> DATA EXCERPT
• • •

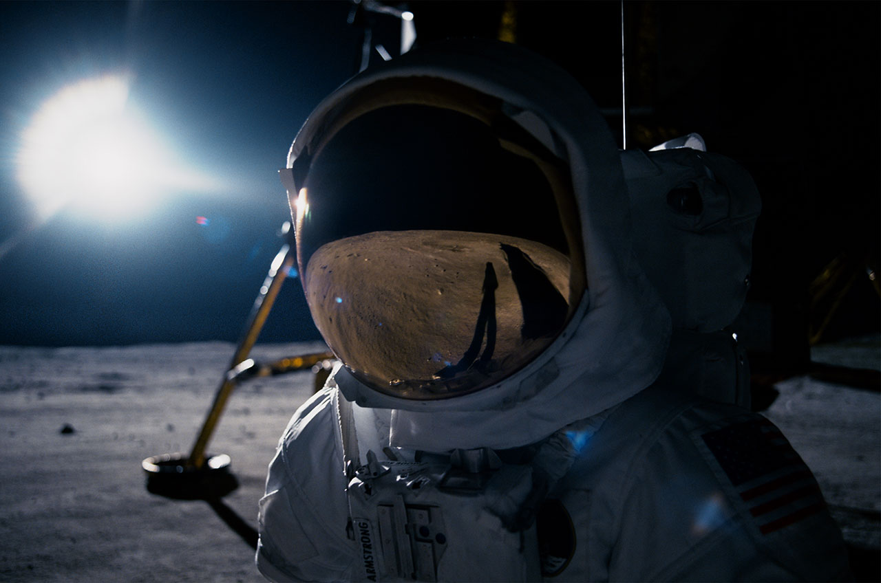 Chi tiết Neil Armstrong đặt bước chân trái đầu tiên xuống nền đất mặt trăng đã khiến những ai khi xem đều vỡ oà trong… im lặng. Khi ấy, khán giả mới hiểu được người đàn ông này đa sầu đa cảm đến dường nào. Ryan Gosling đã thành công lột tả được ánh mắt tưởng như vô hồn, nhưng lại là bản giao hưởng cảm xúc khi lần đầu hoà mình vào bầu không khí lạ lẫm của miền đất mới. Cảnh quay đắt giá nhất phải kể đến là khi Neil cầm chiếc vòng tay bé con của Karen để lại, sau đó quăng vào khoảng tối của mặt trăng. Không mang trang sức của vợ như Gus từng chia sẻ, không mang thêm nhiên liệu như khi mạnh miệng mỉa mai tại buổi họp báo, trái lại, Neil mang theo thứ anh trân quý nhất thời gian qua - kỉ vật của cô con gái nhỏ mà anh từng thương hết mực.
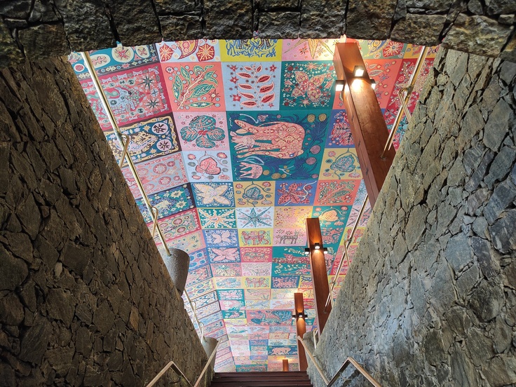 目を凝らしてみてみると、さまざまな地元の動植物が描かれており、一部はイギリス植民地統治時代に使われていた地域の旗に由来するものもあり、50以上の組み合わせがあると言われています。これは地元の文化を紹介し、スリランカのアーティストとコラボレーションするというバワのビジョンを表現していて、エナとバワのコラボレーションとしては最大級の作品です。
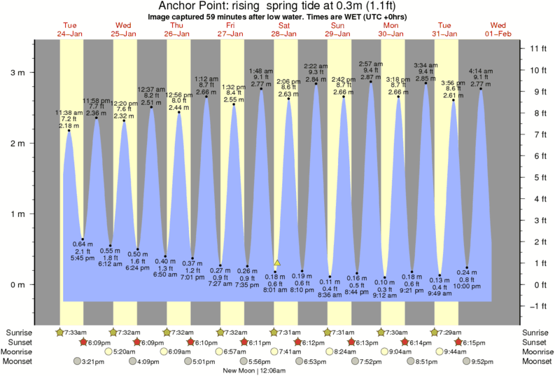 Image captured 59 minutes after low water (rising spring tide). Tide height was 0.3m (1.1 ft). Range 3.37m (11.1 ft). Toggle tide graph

• • •

> WHAT YOU NEED TO DO
Exact copy, pictures removed: set down the whole listing above.

> ANSWER SECTION
 Chi tiết Neil Armstrong đặt bước chân trái đầu tiên xuống nền đất mặt trăng đã khiến những ai khi xem đều vỡ oà trong… im lặng. Khi ấy, khán giả mới hiểu được người đàn ông này đa sầu đa cảm đến dường nào. Ryan Gosling đã thành công lột tả được ánh mắt tưởng như vô hồn, nhưng lại là bản giao hưởng cảm xúc khi lần đầu hoà mình vào bầu không khí lạ lẫm của miền đất mới. Cảnh quay đắt giá nhất phải kể đến là khi Neil cầm chiếc vòng tay bé con của Karen để lại, sau đó quăng vào khoảng tối của mặt trăng. Không mang trang sức của vợ như Gus từng chia sẻ, không mang thêm nhiên liệu như khi mạnh miệng mỉa mai tại buổi họp báo, trái lại, Neil mang theo thứ anh trân quý nhất thời gian qua - kỉ vật của cô con gái nhỏ mà anh từng thương hết mực.
 目を凝らしてみてみると、さまざまな地元の動植物が描かれており、一部はイギリス植民地統治時代に使われていた地域の旗に由来するものもあり、50以上の組み合わせがあると言われています。これは地元の文化を紹介し、スリランカのアーティストとコラボレーションするというバワのビジョンを表現していて、エナとバワのコラボレーションとしては最大級の作品です。
 Image captured 59 minutes after low water (rising spring tide). Tide height was 0.3m (1.1 ft). Range 3.37m (11.1 ft). Toggle tide graph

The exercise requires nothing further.